Ms Lennox, speaking before her appearance at the Festival of Politics in Edinburgh, said: “I don’t believe in ‘should’, but I do feel for myself, that having come to a certain place in my life... this is very important to me.”

The singer said that choosing to make a difference was her ­“calling”.

She said music had the potential to provide a platform for all issues, adding: “It should be used in that way, the potential is there, it’s a missed opportunity if people don‘t ever use it.”

Ms Lennox is of the same generation of 1980s pop stars such as Bob Geldof, Midge Ure and Bono who promoted humanitarian causes.

She said today’s celebrity-fixated culture made her “a little sad”.

Ms Lennox added: “That whole celebrity thing is a bit of a tangled mess. Remember Tony Blair with his Cool Britannia, asking Noel Gallagher to come to 10 Downing Street. It was a photo opportunity and it made him look good.”

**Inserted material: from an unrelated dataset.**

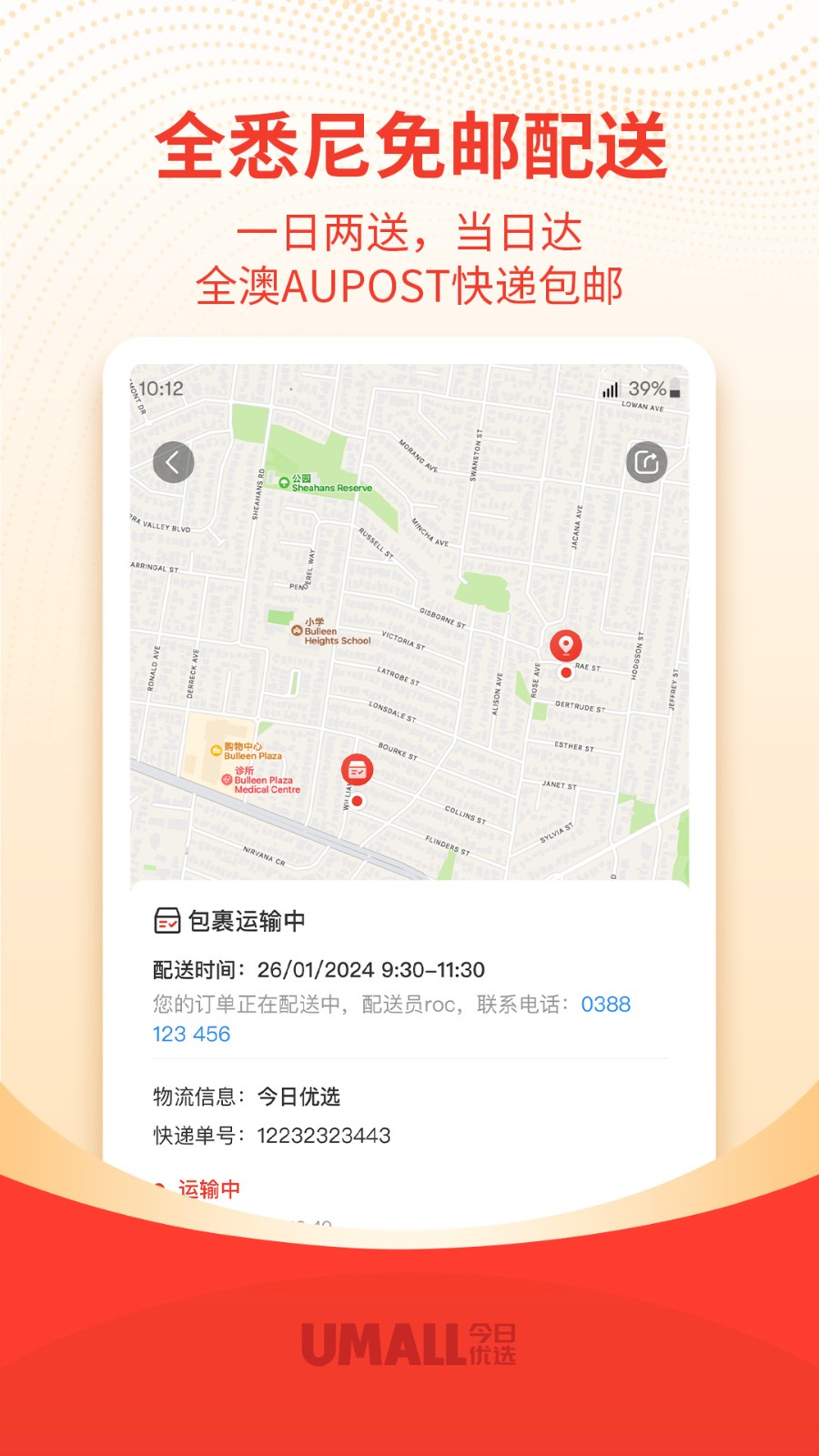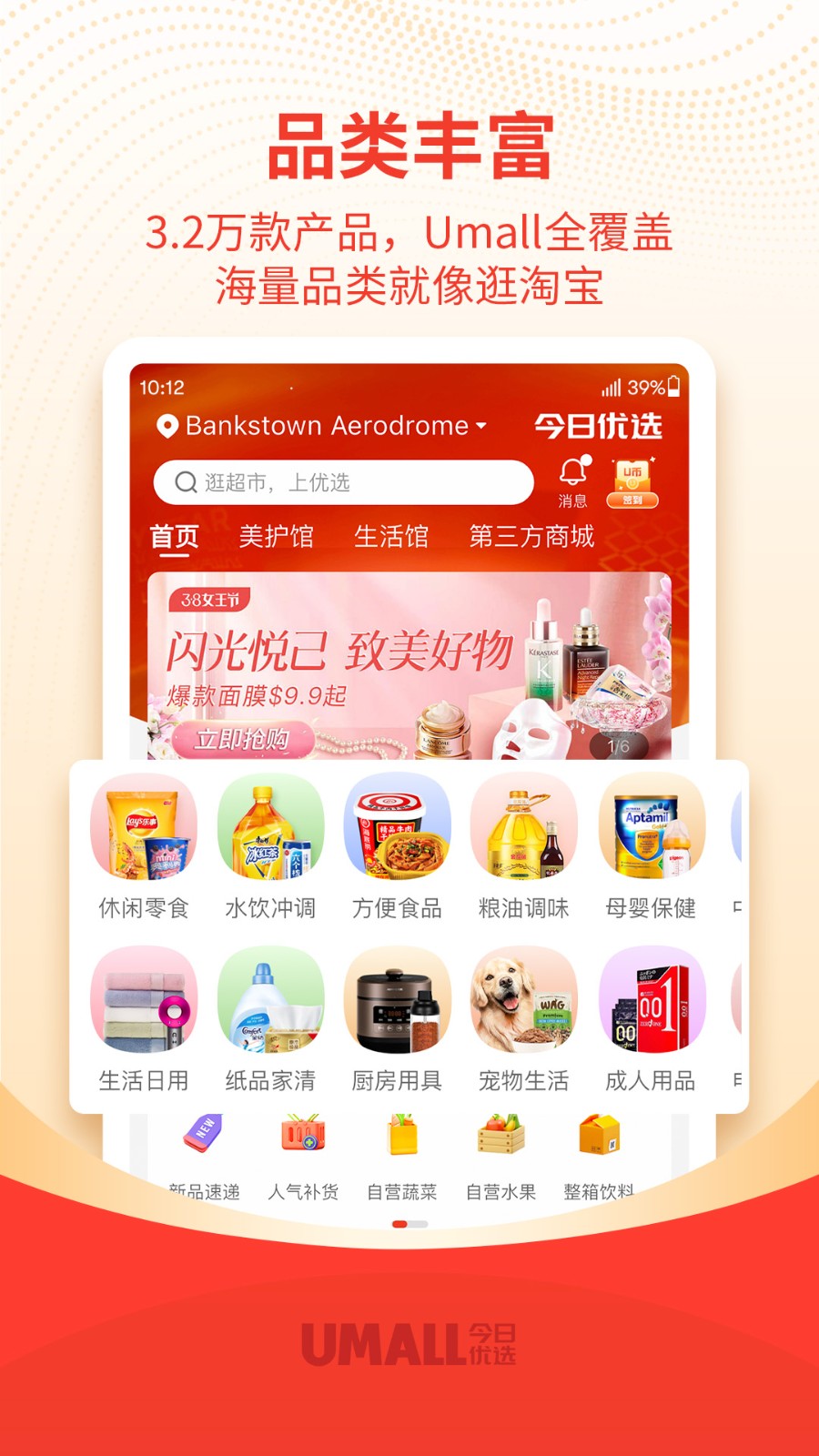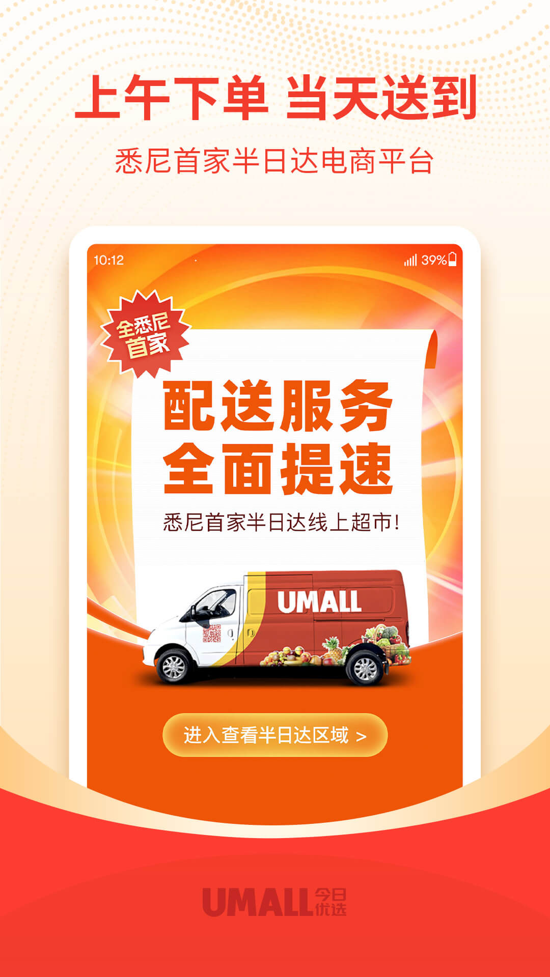 umall今日优选app是澳大利亚今日传媒集团旗下电商,我们为消费者提供在线购物服务,足不出户可以买到你在澳洲线下超市里所有产品,包括水果蔬菜、肉禽蛋鲜牛奶酸奶、鲜肉冻肉、生猛海鲜以及各种冻货。同时,还有各种零食、饮料和生活用品等。更重要的是,我们保证下单当日送达到家,价格还比传统超市更便宜。澳洲逛超市,上优选!

In recent years she has established The Sing Campaign to raise awareness of HIV and is an ambassador for many international organisations on the issue.

She confirmed yesterday that she would be visiting Malawi in February with former First Minister Jack McConnell in her role as special envoy to the Scottish Branch of the Commonwealth Parliamentary Association (CPA).

She said: “With this issue it really helps if you’ve been to a country that is outside of your own culture and you look people in the eye and you’re able to take an abstract statistic that you may have read and personify it with one individual.”

Despite her role with the Scottish Parliament and also hailing from Aberdeen, Ms Lennox does not back independence for Scotland.

She said: “I understand the sort of desire for Scotland to have its autonomy and its separate identity, but at the same time I feel I don’t want to see the breakdown of the United Kingdom.”

Ms Lennox added that balance was required, otherwise “you could take a fierce independent pride and nationalism and it could tip too much the other way”.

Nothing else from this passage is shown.